Maryland to Lead Major U.S. Homeland Security
Behavioral Research Center
COLLEGE PARK, Md.
The University of Maryland will be home to a major U.S.-sponsored social and behavioral research center dedicated to reducing worldwide terrorism. Its research will focus on areas such as how to disrupt the formation of terror networks and minimize the impact of future attacks.
U.S. Secretary of Homeland Security Tom Ridge and Charles McQueary, his undersecretary for science and technology, came to College Park earlier this month to announce a $12-million, three-year grant to Maryland and its academic partners to establish the Center of Excellence for Behavioral and Social Research on Terrorism and Counter-Terrorism.
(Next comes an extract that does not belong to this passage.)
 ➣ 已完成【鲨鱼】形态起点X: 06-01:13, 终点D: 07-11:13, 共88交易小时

It will be the fourth university-based center of excellence funded by the department.
“This is a major opportunity for us to help the nation confront the threat of terrorism,” says Dr. Jacques Gansler, Maryland’s vice president of research, who will oversee the work of the center. “The expertise of social scientists can help disrupt terror operations and reduce the aftereffects of attacks. But so far the nation hasn’t taken full advantage of their knowledge. With this new team, we hope to change that.”
Maryland will direct the center, building a research team with its five major partners and more than 10 other academic institutions in the United States and abroad. The University of Colorado, University of Pennsylvania, Monterey Institute of International Studies, University of South Carolina and the University of California, Los Angeles are the major partners.
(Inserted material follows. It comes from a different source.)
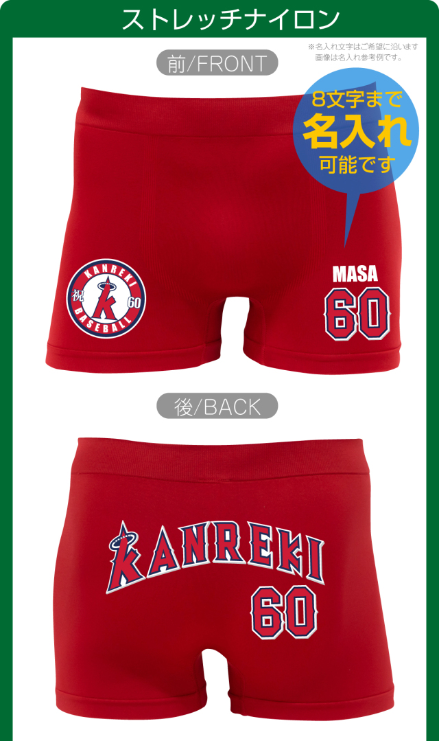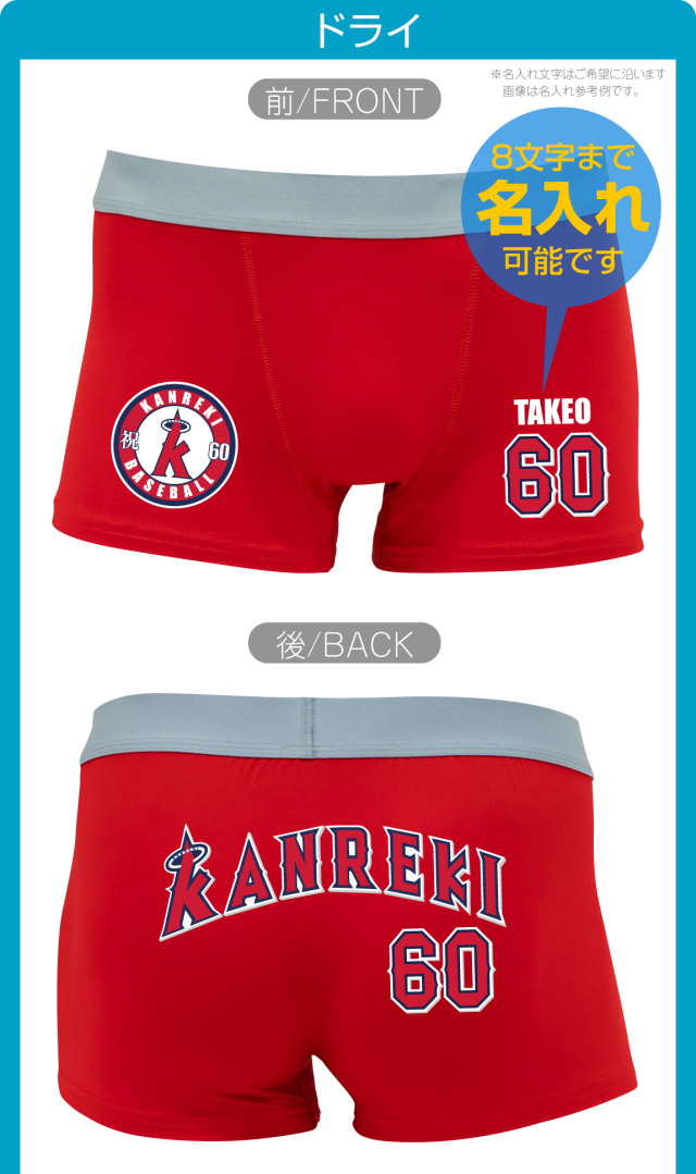 野球好きな方への贈り物「ユニフォーム」デザインが最高! シャレもんオリジナル還暦祝い用ボクサーパンツです。 同窓会の記念品にもオススメ! ちゃんちゃんこ代わりに父・母にプレゼントしてみては? しっかりとした生地に耐久性の良いプリントをしております。 好きな名前は8文字まで入力してください。 名入れ文字(8文字までアルファベットで入力してください) ※こちらへ記入していただいた文字をそのままコピーしてプリント致します。 ひらがなをローマ字変換等のサービスはしておりません。 ■ご注文時にご記入いただいた「名入れ希望文字」の、ご注文後の文字変更はできません。 ■パンツタイプは3タイプからお選びいただけます。 ・コットンパンツ(前開き) ・ドライパンツ ・ストレッチナイロンパンツ ■サイズをお選びただけます。 ※パンツタイプによって選択可能サイズに制限がございます。

“This may be the social science equivalent of the Manhattan Project,” says Dr. Gary LaFree, the University of Maryland criminologist who will direct the new center of excellence. “Too often, policy-makers have had to counter terrorists on the basis of assumptions and guesstimates. Our job will be to give them more solid information to work with.”
The new center of excellence will be built around teams of social scientists drawn from many fields. “It’s an unusual way to do social research, but it fits the challenge,” LaFree says. “We know a lot more about violence, group psychology and international conflict than has been brought to bear on this problem. Our teams will be more inclusive so we can tap this expertise.”
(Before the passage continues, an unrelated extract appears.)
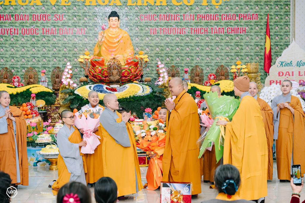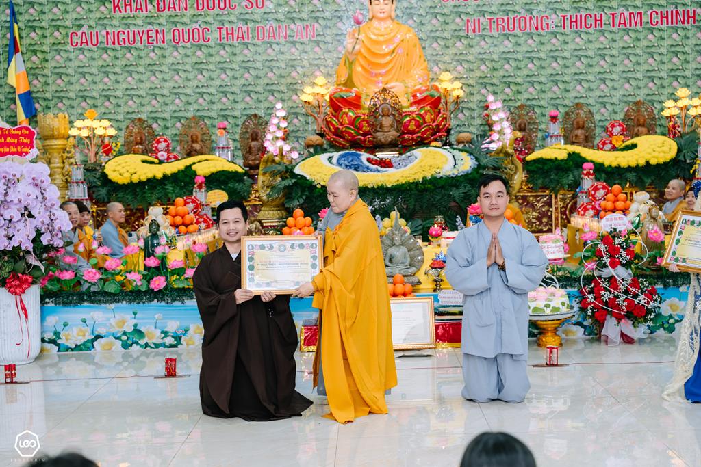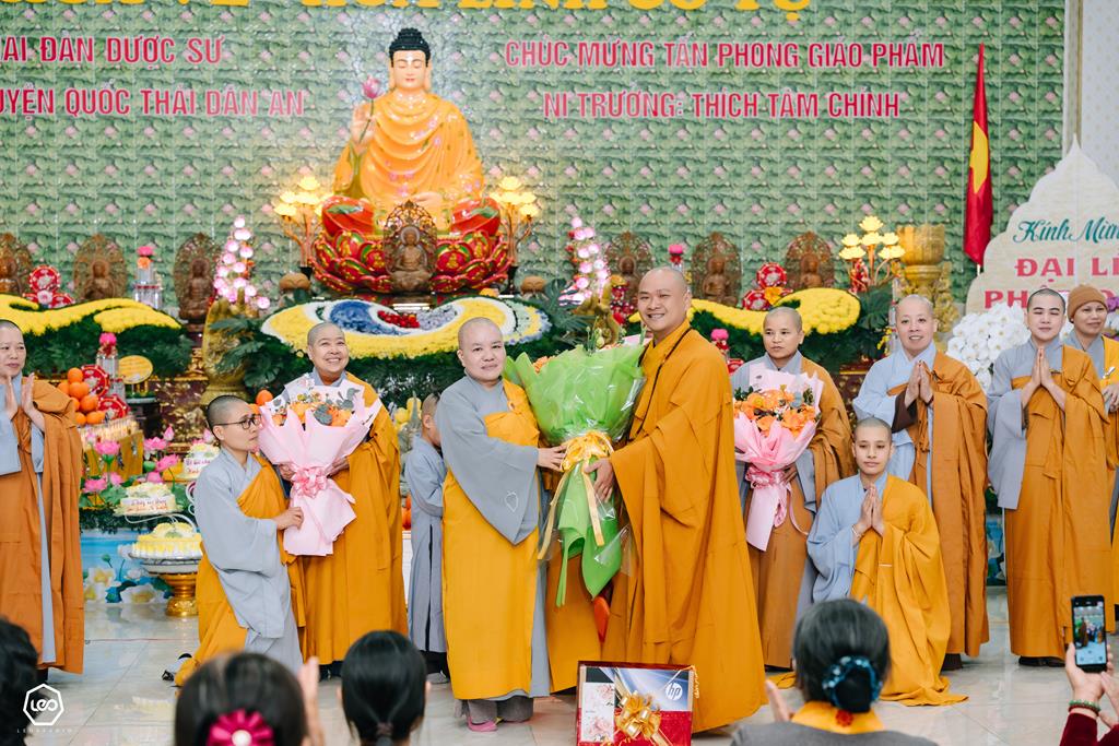 Nhân dịp, Ni sư Thích Tâm Chính vừa được Hội đồng chứng minh GHPGVN trao Quyết định tấn phong lên hàng giáo phẩm Ni trưởng, trong không khí hoan hỷ, ấm áp và thanh tịnh của buổi lễ, chư Tôn đức Ni trong chốn trụ xứ, chư Tôn đức Ni là đệ tử của Ni trưởng, chư Tôn đức Ni nhận y chỉ đã cùng quý Phật tử dâng lời tác bạch khánh tuế Ni trưởng, cũng là để chúc mừng Ni trưởng nhân ngày tiếp nối. Đồng thời, kính chúc Ni trưởng thân tâm thường an lạc, mãi là bóng cây đại thụ để hàng Phật tử noi theo trên bước đường tu nhân, học Phật và chúc Ni trưởng năm mới, tất cả các hoạt động Phật sự đều được viên thành.

In the first year, one working group will study how terrorist organizations form and recruit, focusing on specific organizations that pose a clear and present danger. One line of research, for example, will ask whether terror groups inspired by religious zeal are more likely to use weapons of mass destruction than their secular counterparts. Another will look at the way terror groups have exploited the 9/11 attacks to expand their base of popular support. Yet another will examine U.S. prisons as recruiting grounds for terror groups.
In all these studies, researchers will look for ways to intervene and disrupt the process. “We’ll be a kind of academic rapid-response team,” LaFree says. “Part of our job will involve getting timely advice to homeland and national security professionals in government.”
The researchers will draw on a variety of tools, including major global databases of ethnic struggles over the past 60 years and the most comprehensive open data set on terror incidents. As part of his prior research, LaFree has been assembling the terror database and will begin to mine it for clues about the roots of terror and effective counter-measures.
The center will also have a strong educational component, helping to train a new generation of researchers in the field of terror-related social science.